Plus: Oprah’s podcast sees ad success after signing with Midroll, getting new listeners with a “shareathon,” and the line between podcast fiction and podcast reality.

Editor’s note: Hot Pod is a weekly newsletter on the podcasting industry written by Nick Quah; we happily share it with Nieman Lab readers each Tuesday.

Welcome to Hot Pod, a newsletter about podcasts. This is issue 142, published November 28, 2017.

Longest Shortest Why. Andrea Silenzi, creator of Panoply cult favorite Why Oh Why, is moving to Midroll to take over as the new host of Hillary Frank’s beloved parenting podcast, The Longest Shortest Time. The change will kick in at the start of next year.

Frank has hosted The Longest Shortest Time since creating the show in 2010; it was housed in WNYC for a good stretch before moving over to Midroll in late 2015. (Following a later Midroll brand reorganization, The Longest Shortest Time would eventually be categorized under the Stitcher banner.) With Silenzi taking over hosting duties, Frank will move on to a new role as the show’s executive producer, where she will continue to work on the production and provide strategic guidance.

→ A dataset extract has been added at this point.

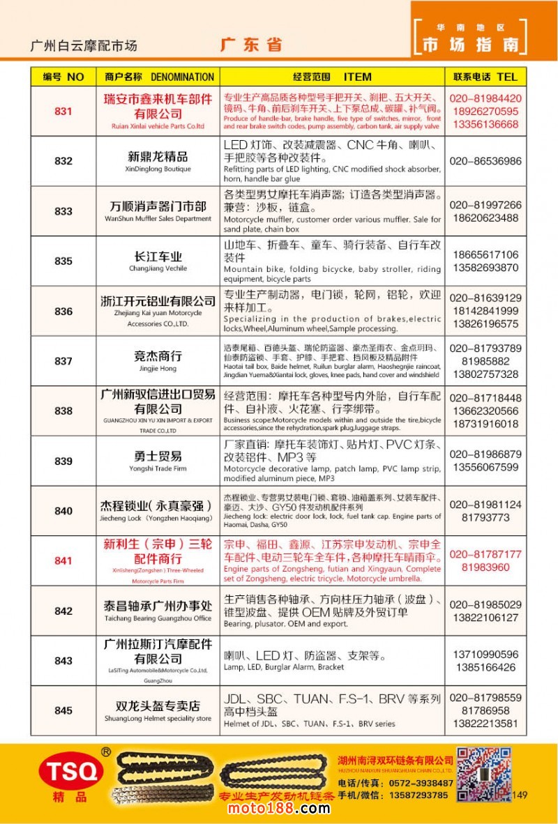最新升級的《摩配華南市場指南》升級版在第76屆廣州全國摩托車及配件展示交易會上首發(fā),歡迎朋友們來3109號展位。接著將在廣州、重慶摩配市場全面派送,在廣州福星、松南市場門口、及白云三個檔口常年設(shè)立發(fā)行窗口;發(fā)行至廣州、重慶、江浙的幾大板塊主要廠家及全國的主要摩配市場。
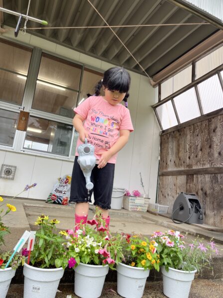 先日みんなでお花屋さんへ花の苗を買いに行きました!1人2個選んでもらいそれぞれの鉢植えに植えてもらいました🌸

This development is the culmination of a long-running creative relationship between Frank and Silenzi. “So much of my work is influenced by Hillary Frank it’s embarrassing,” Silenzi said. “When I created my first online audio portfolio, there’s a telling hand-drawn tomato in the corner. Little plagiarist! After relaunching Why Oh Why with Panoply last year, I was given the incredible opportunity to hire Hillary as our show’s editor. Working with her to host Longest Shortest Time next year feels like the next logical step in our creative collaborations. I can’t wait to hear what we’ll make together.”

For Frank, the move also provides an opportunity to take on a broader view of her work with the show. “In our new roles, we’ll have the chance to invigorate the show with stories and questions and experiences that I’ve already been through, but are fresh and new for her,” she said. “This move will allow me to do many of the things I love — big-picture vision stuff, editing Andrea — and will add room for developing other projects, some that are already in motion (LST’s Weird Parenting Wins book) and some that I’m looking into. I’m really excited about the possibilities ahead and I’ll be sharing more on all of that down the road.”

What happens to Why Oh Why remains unclear. Silenzi first started the show as an independent project prior her to time working at The Slate Group (where she first served as the originating producer for The Gist), and Why Oh Why was formally brought into the Panoply network only last fall. Will Midroll eventually move to acquire the show, or will the podcast stay where it is? “You’ll have to ask Panoply,” replied a Midroll spokesperson. Silenzi declined to provide much clarity on her current employer. “I can only speak for myself, not the plans of Stitcher or Panoply, but even though ‘taking a break’ typically means ‘breaking up’ in relationship-speak, I can completely see myself getting back together with Why Oh Why in the future.”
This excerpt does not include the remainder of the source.